+++ EXERCISE INPUT

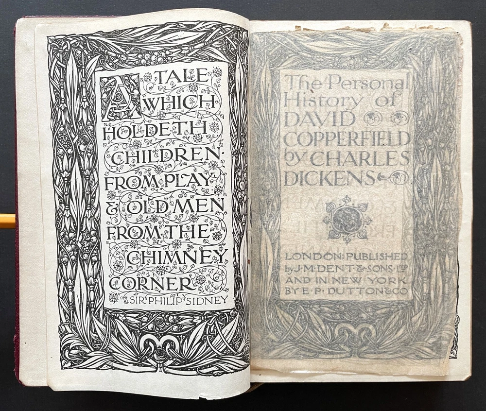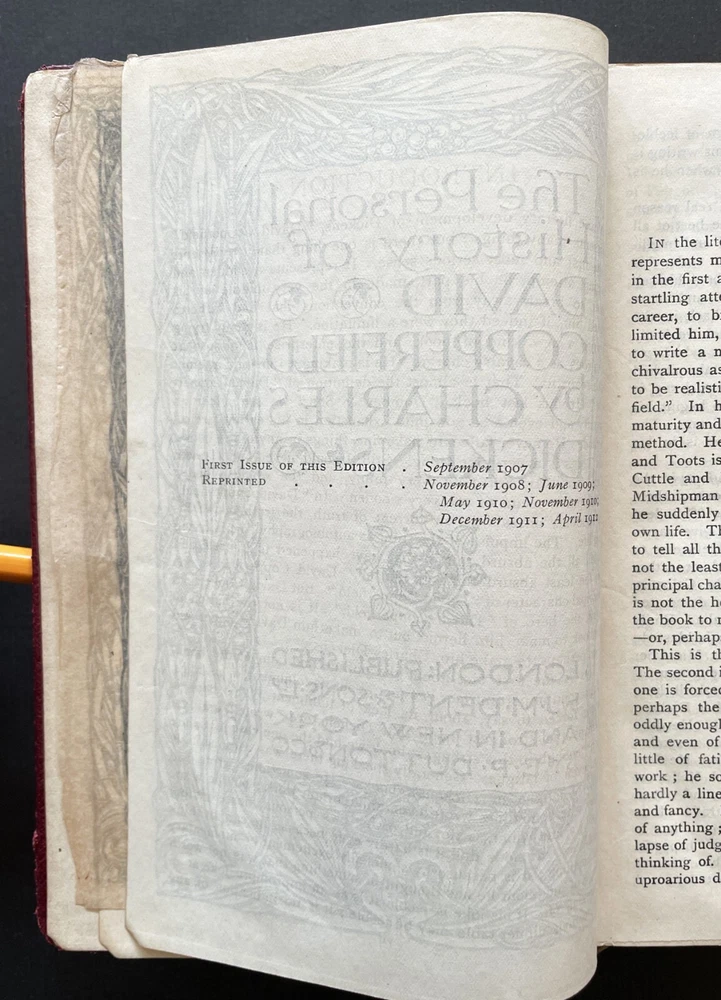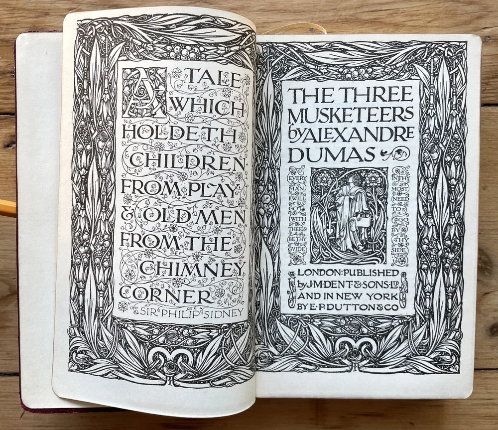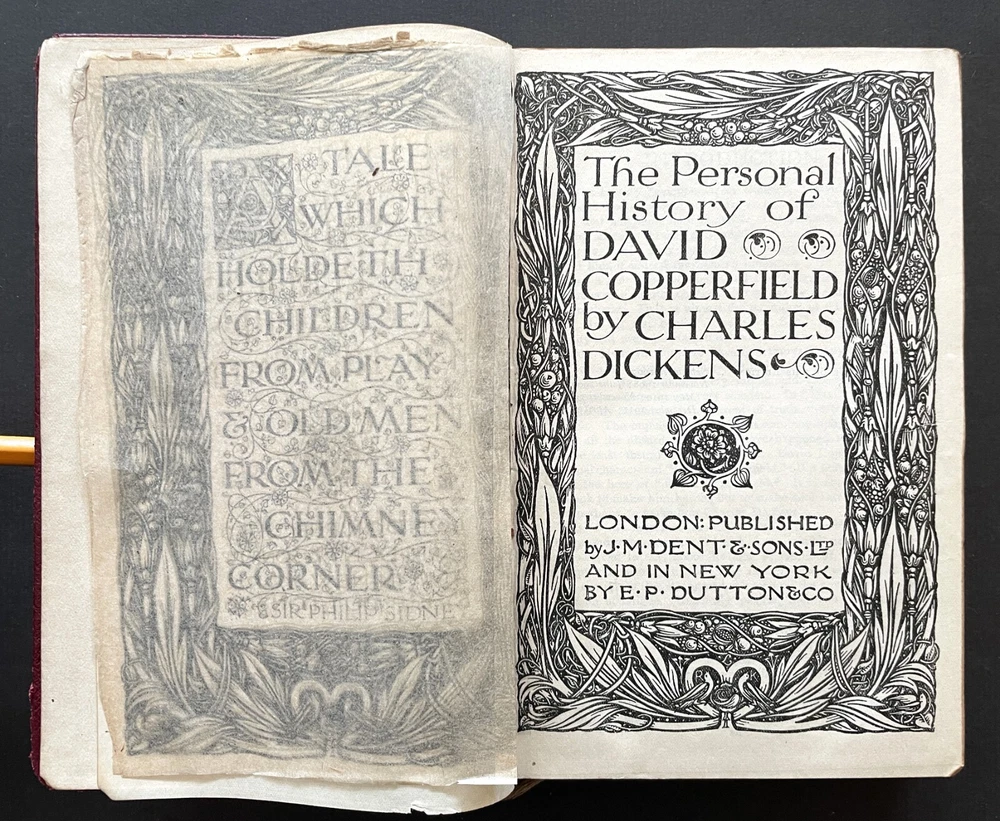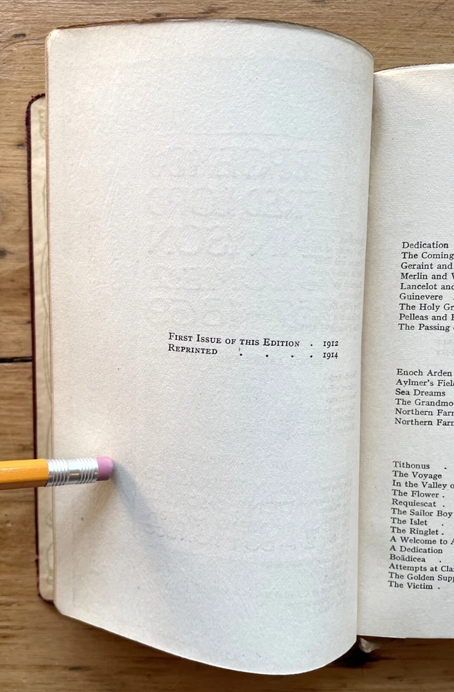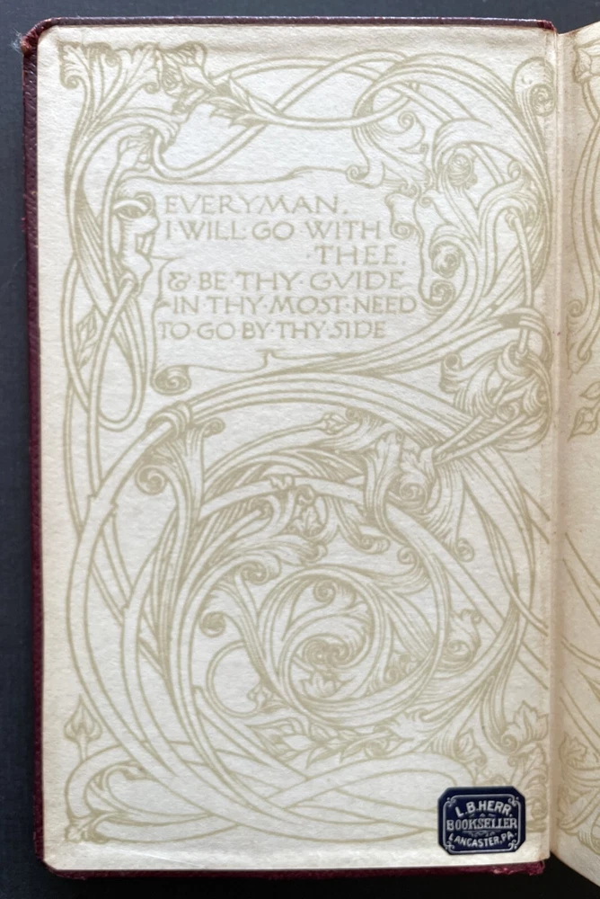 Set of 6 Everyman's Library 1912 - 1913 J. M. Dent & E. P. Dutton Burgundy Leather with decorative gilt spines David Copperfield by Charles Dickens Ghosts and Other Plays by Henrik Ibsen The Autocrat at the Breakfast Table by Oliver Wendel Holmes The Cloister and the Hearth by Charles Reade The Three Musketeers by Alexander Dumas The Poems of Alfred Tennyson Leather rubbed and worn at extremities. Cloister and Hearth front board detached; Three musketeers front board tenuously attached at joint. A couple of books have a prior owner name or bookplate. Books are a mix of 2nd, 3rd and early Everyman editions of these titles. Attractive shelf presence of these early Everyman editions in leather. Worn and Good only
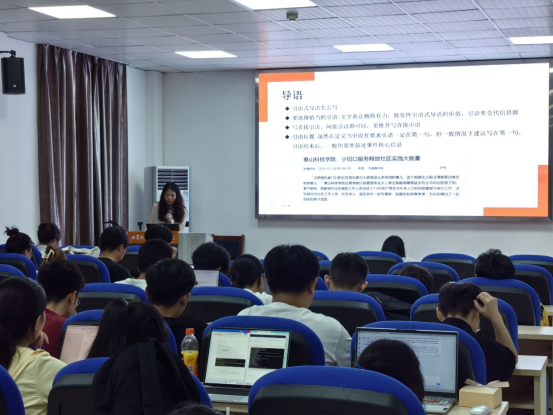 随后,公司兼职辅导员、新闻传播学院2022级研究生李妍向同学们分享了社会实践新闻稿撰写的经验。她指出,要精准选题,结合社会实践项目谋划新闻报道,尽量做到标题有亮点、内容有深度、图片有故事感,增强阅读体验;要多角度选取新闻题材,积极向校内外媒体投稿,扩大社会影响。
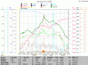 Montag, am 08.12. hatten wir eine durchschnittliche Temperatur von 13.5°C. Damit war es der zweitwärmste Dezembertag für unsere Station und gut 10°C zu warm für einen Dezember. Nur Silvester 2022 war nochmal extremer.
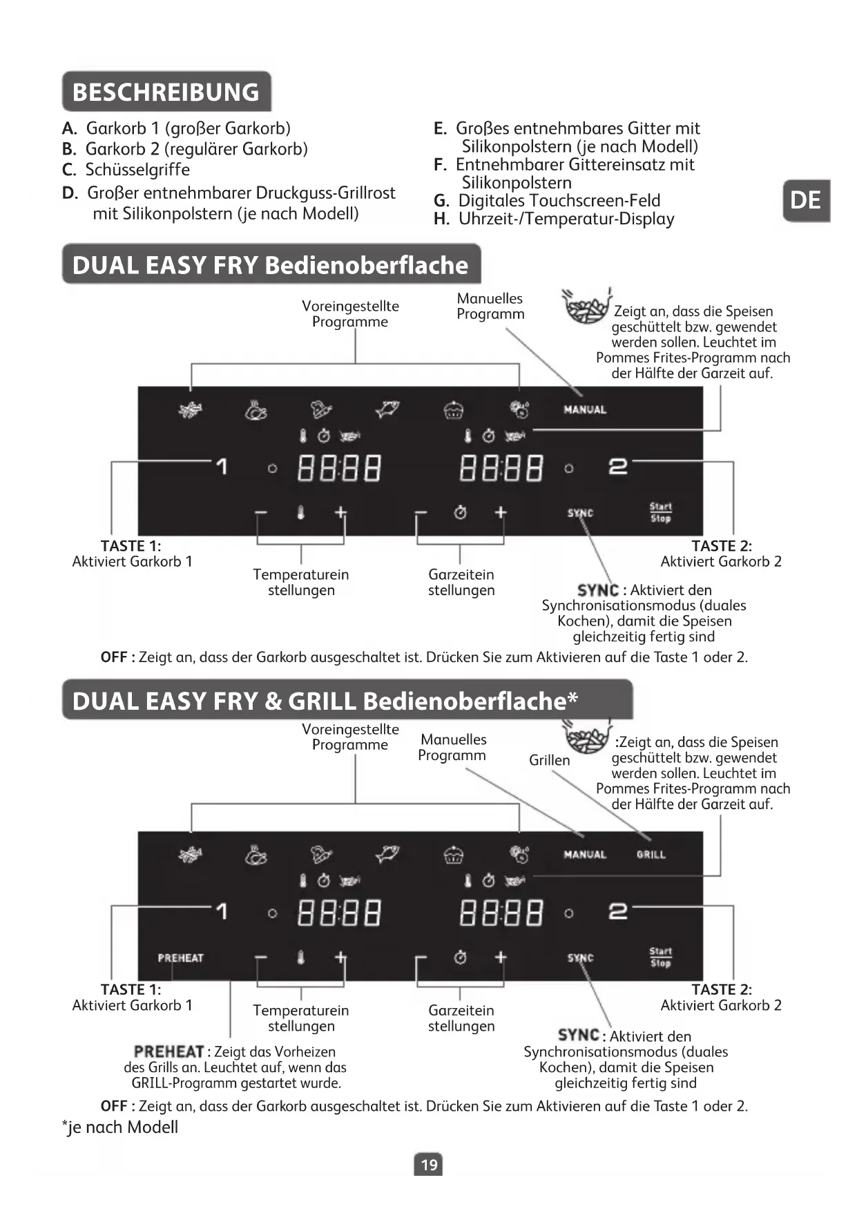 BESCHREIBUNG A. Garkorb 1 (großer Garkorb) B. Garkorb 2 (regulärer Garkorb) C. Schüsselgriffe D. Großer entnehmbarer Druckguss-Grillrost mit Silikonpolstern (je nach Modell) E. Großes entnehmbares Gitter mit Silikonpolstern (je nach Modell) F. Entnehmbarer Gittereinsatz mit Silikonpolstern G. Digitales Touchscreen-Feld H. Uhrzeit-/Temperatur-Display DUAL EASY FRY Bedienoberflache DUAL EASY FRY & GRILL Bedienoberflache* OFF : Zeigt an, dass der Garkorb ausgeschaltet ist. Drücken Sie zum Aktivieren auf die Taste 1 oder 2. : Zeigt das Vorheizen des Grills an. Leuchtet auf, wenn das GRILL-Programm gestartet wurde. *je nach Modell Voreingestellte Programme Zeigt an, dass die Speisen geschüttelt bzw. gewendet werden sollen. Leuchtet im Pommes Frites-Programm nach der Hälfte der Garzeit auf. Manuelles Programm : Aktiviert den Synchronisationsmodus (duales Kochen), damit die Speisen gleichzeitig fertig sind : Aktiviert den Synchronisationsmodus (duales Kochen), damit die Speisen gleichzeitig fertig sind Temperaturein stellungen Temperaturein stellungen Garzeitein stellungen Garzeitein stellungen TASTE 1: Aktiviert Garkorb 1 TASTE 1: Aktiviert Garkorb 1 TASTE 2: Aktiviert Garkorb 2 TASTE 2: Aktiviert Garkorb 2 Voreingestellte Programme
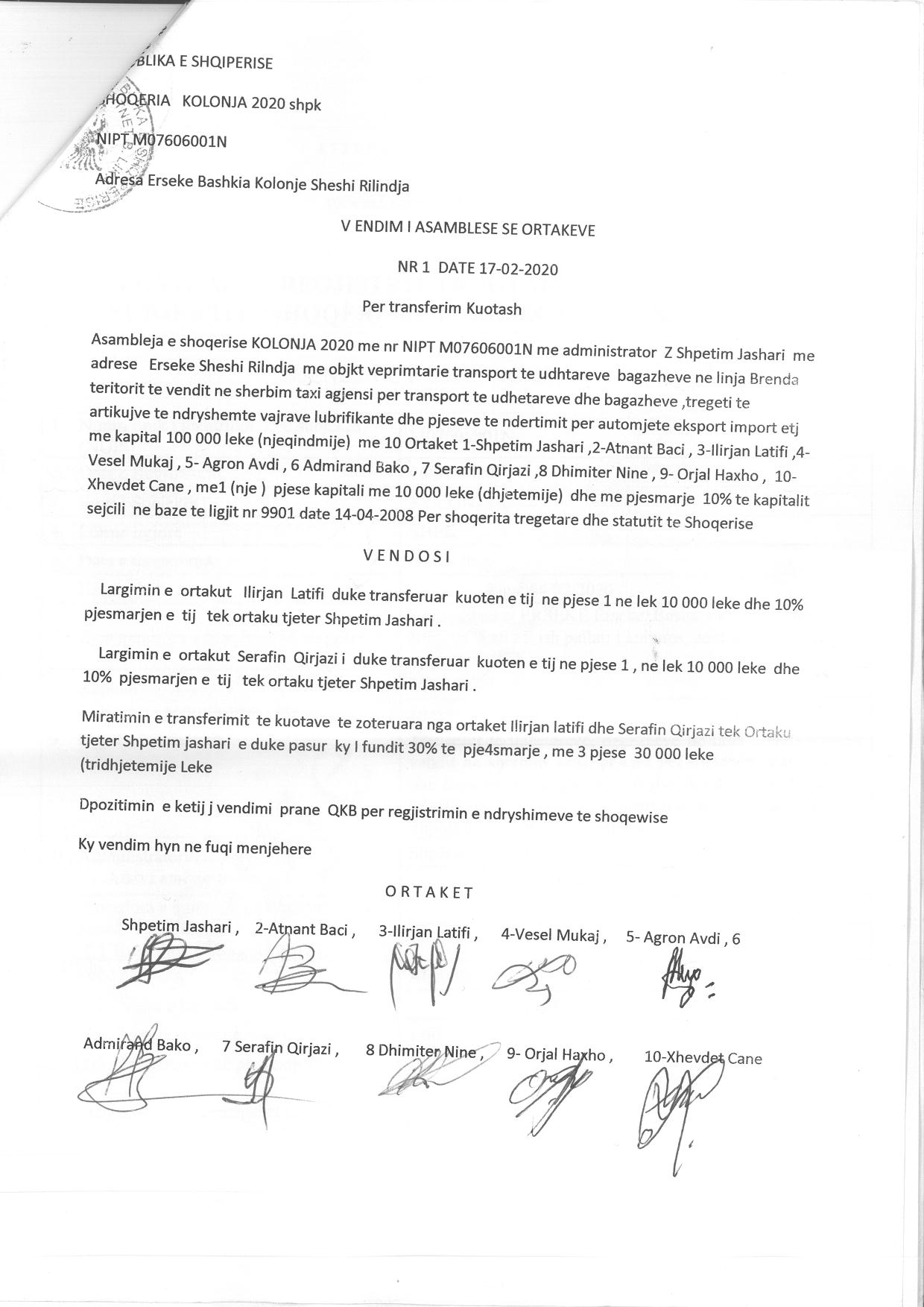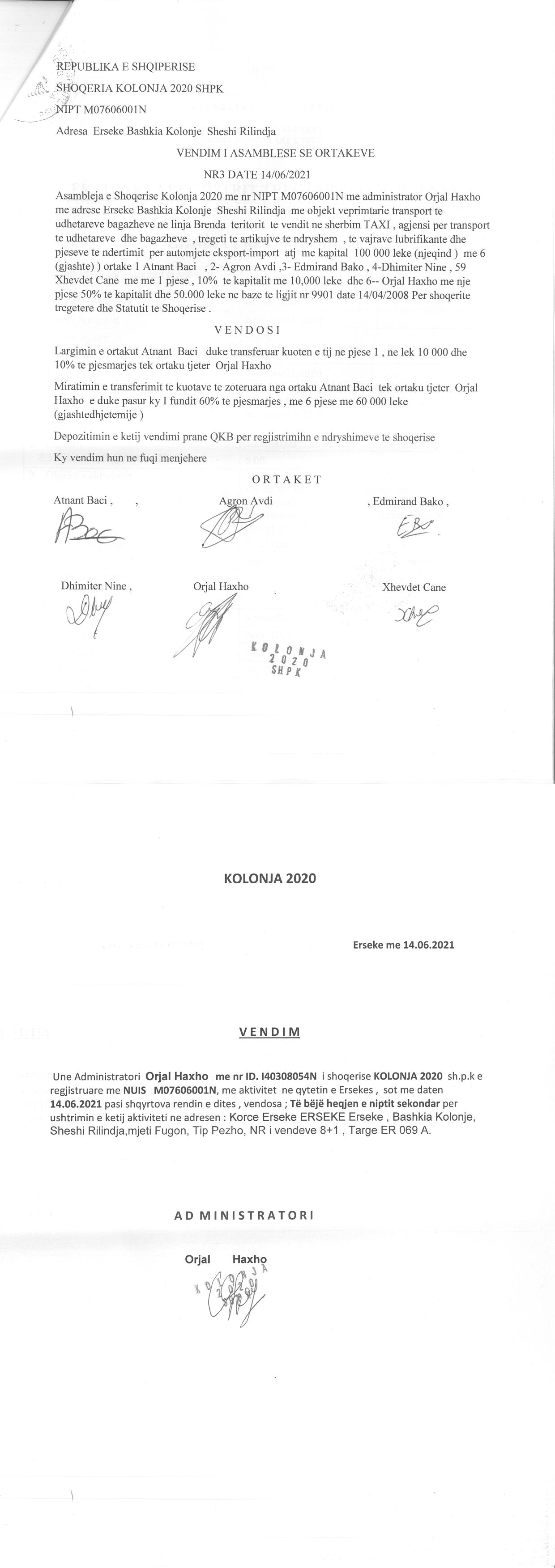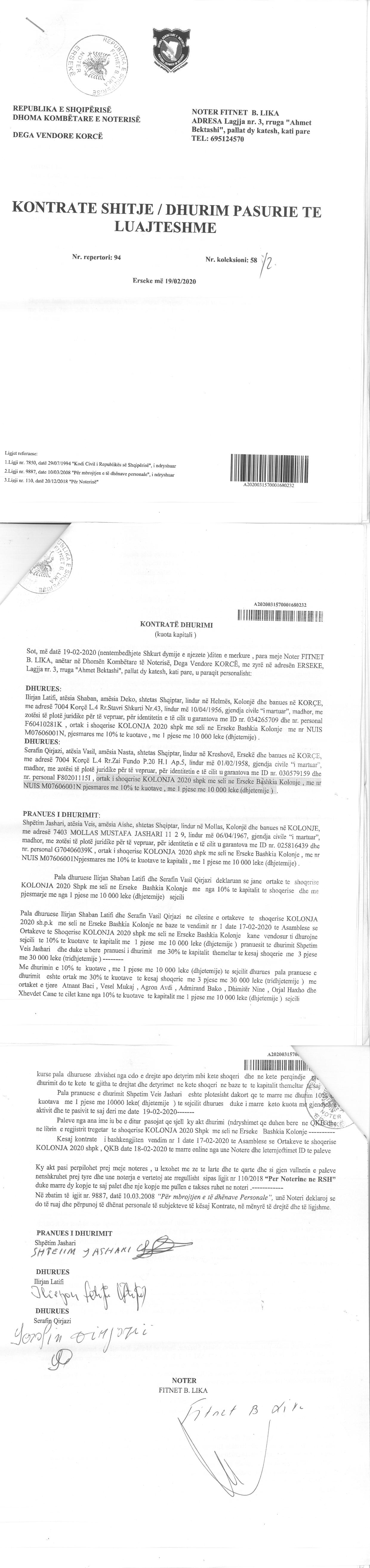 → Ekstrakti Historik i Regjistrit Tregtar date 19.04.2022 → Akt themelimi i Shoqerise → Vendim i Asamblese se Pergjithshme date 17.02.2020 → Kontrate e Dhurimit te Kuotave date 19.02.2020 → Vendim i Asamblese se Pergjithshme date 23.02.2021 → Kontrate e Dhurimit te Kuotave date 23.02.2021 → Vendim i Asamblese se Pergjithshme date 14.06.2021 → Kontrate e Dhurimit te Kuotave date 14.06.2021 → Vendim i Asamblese se Pergjithshme date 15.06.2021 → Kontrate e Dhurimit te Kuotave date 15.06.2021 → Vendim i Asamblese se Pergjithshme date 23.06.2021 → Kontrate e Dhurimit te Kuotave date 23.06.2021 |
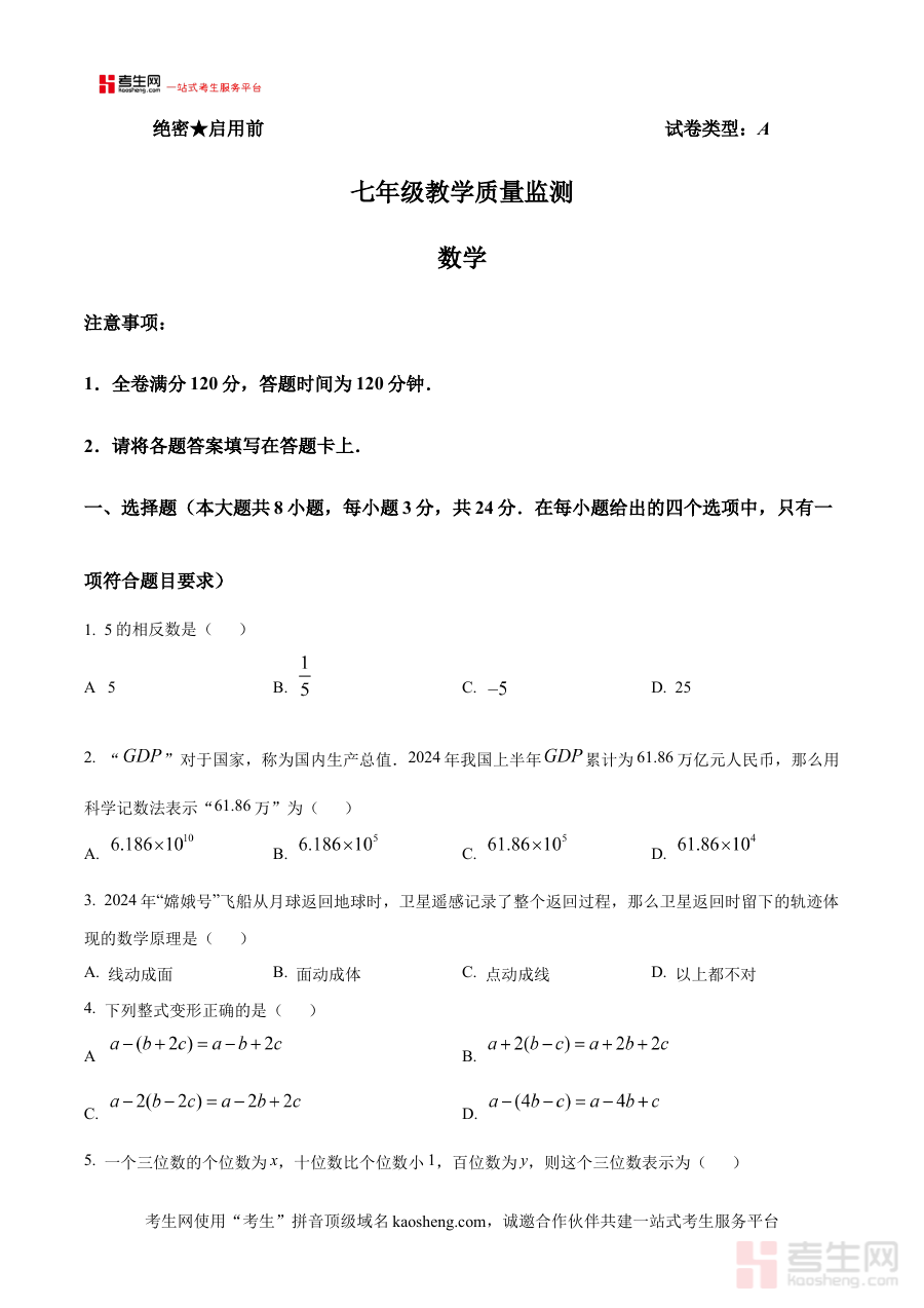 《精品解析:陕西省西安市长安区2024-2025学年七年级上学期期中数学试题(原卷版)》是针对陕西省西安市长安区2024至2025学年第一学期七年级数学期中阶段考试的配套备考资料,精准贴合该区域七年级数学教学进度与期中检测要求,能够为使用者提供与本地期中考试直接相关的原卷内容参考。该资料依托长安区本地教学实际与期中命题趋势,旨在还原真实考试场景,帮助使用者提前熟悉期中数学考试的整体框架与考查范围,为后续的复习备考奠定基础。

++++++

# WHAT YOU ARE ASKED TO DO:
Wherever a picture appears in the data, please drop it and retype the rest exactly.

# ANSWER TO THIS EXERCISE:
 Set of 6 Everyman's Library 1912 - 1913 J. M. Dent & E. P. Dutton Burgundy Leather with decorative gilt spines David Copperfield by Charles Dickens Ghosts and Other Plays by Henrik Ibsen The Autocrat at the Breakfast Table by Oliver Wendel Holmes The Cloister and the Hearth by Charles Reade The Three Musketeers by Alexander Dumas The Poems of Alfred Tennyson Leather rubbed and worn at extremities. Cloister and Hearth front board detached; Three musketeers front board tenuously attached at joint. A couple of books have a prior owner name or bookplate. Books are a mix of 2nd, 3rd and early Everyman editions of these titles. Attractive shelf presence of these early Everyman editions in leather. Worn and Good only
 随后,公司兼职辅导员、新闻传播学院2022级研究生李妍向同学们分享了社会实践新闻稿撰写的经验。她指出,要精准选题,结合社会实践项目谋划新闻报道,尽量做到标题有亮点、内容有深度、图片有故事感,增强阅读体验;要多角度选取新闻题材,积极向校内外媒体投稿,扩大社会影响。
 Montag, am 08.12. hatten wir eine durchschnittliche Temperatur von 13.5°C. Damit war es der zweitwärmste Dezembertag für unsere Station und gut 10°C zu warm für einen Dezember. Nur Silvester 2022 war nochmal extremer.
 BESCHREIBUNG A. Garkorb 1 (großer Garkorb) B. Garkorb 2 (regulärer Garkorb) C. Schüsselgriffe D. Großer entnehmbarer Druckguss-Grillrost mit Silikonpolstern (je nach Modell) E. Großes entnehmbares Gitter mit Silikonpolstern (je nach Modell) F. Entnehmbarer Gittereinsatz mit Silikonpolstern G. Digitales Touchscreen-Feld H. Uhrzeit-/Temperatur-Display DUAL EASY FRY Bedienoberflache DUAL EASY FRY & GRILL Bedienoberflache* OFF : Zeigt an, dass der Garkorb ausgeschaltet ist. Drücken Sie zum Aktivieren auf die Taste 1 oder 2. : Zeigt das Vorheizen des Grills an. Leuchtet auf, wenn das GRILL-Programm gestartet wurde. *je nach Modell Voreingestellte Programme Zeigt an, dass die Speisen geschüttelt bzw. gewendet werden sollen. Leuchtet im Pommes Frites-Programm nach der Hälfte der Garzeit auf. Manuelles Programm : Aktiviert den Synchronisationsmodus (duales Kochen), damit die Speisen gleichzeitig fertig sind : Aktiviert den Synchronisationsmodus (duales Kochen), damit die Speisen gleichzeitig fertig sind Temperaturein stellungen Temperaturein stellungen Garzeitein stellungen Garzeitein stellungen TASTE 1: Aktiviert Garkorb 1 TASTE 1: Aktiviert Garkorb 1 TASTE 2: Aktiviert Garkorb 2 TASTE 2: Aktiviert Garkorb 2 Voreingestellte Programme
 → Ekstrakti Historik i Regjistrit Tregtar date 19.04.2022 → Akt themelimi i Shoqerise → Vendim i Asamblese se Pergjithshme date 17.02.2020 → Kontrate e Dhurimit te Kuotave date 19.02.2020 → Vendim i Asamblese se Pergjithshme date 23.02.2021 → Kontrate e Dhurimit te Kuotave date 23.02.2021 → Vendim i Asamblese se Pergjithshme date 14.06.2021 → Kontrate e Dhurimit te Kuotave date 14.06.2021 → Vendim i Asamblese se Pergjithshme date 15.06.2021 → Kontrate e Dhurimit te Kuotave date 15.06.2021 → Vendim i Asamblese se Pergjithshme date 23.06.2021 → Kontrate e Dhurimit te Kuotave date 23.06.2021 |
 《精品解析:陕西省西安市长安区2024-2025学年七年级上学期期中数学试题(原卷版)》是针对陕西省西安市长安区2024至2025学年第一学期七年级数学期中阶段考试的配套备考资料,精准贴合该区域七年级数学教学进度与期中检测要求,能够为使用者提供与本地期中考试直接相关的原卷内容参考。该资料依托长安区本地教学实际与期中命题趋势,旨在还原真实考试场景,帮助使用者提前熟悉期中数学考试的整体框架与考查范围,为后续的复习备考奠定基础。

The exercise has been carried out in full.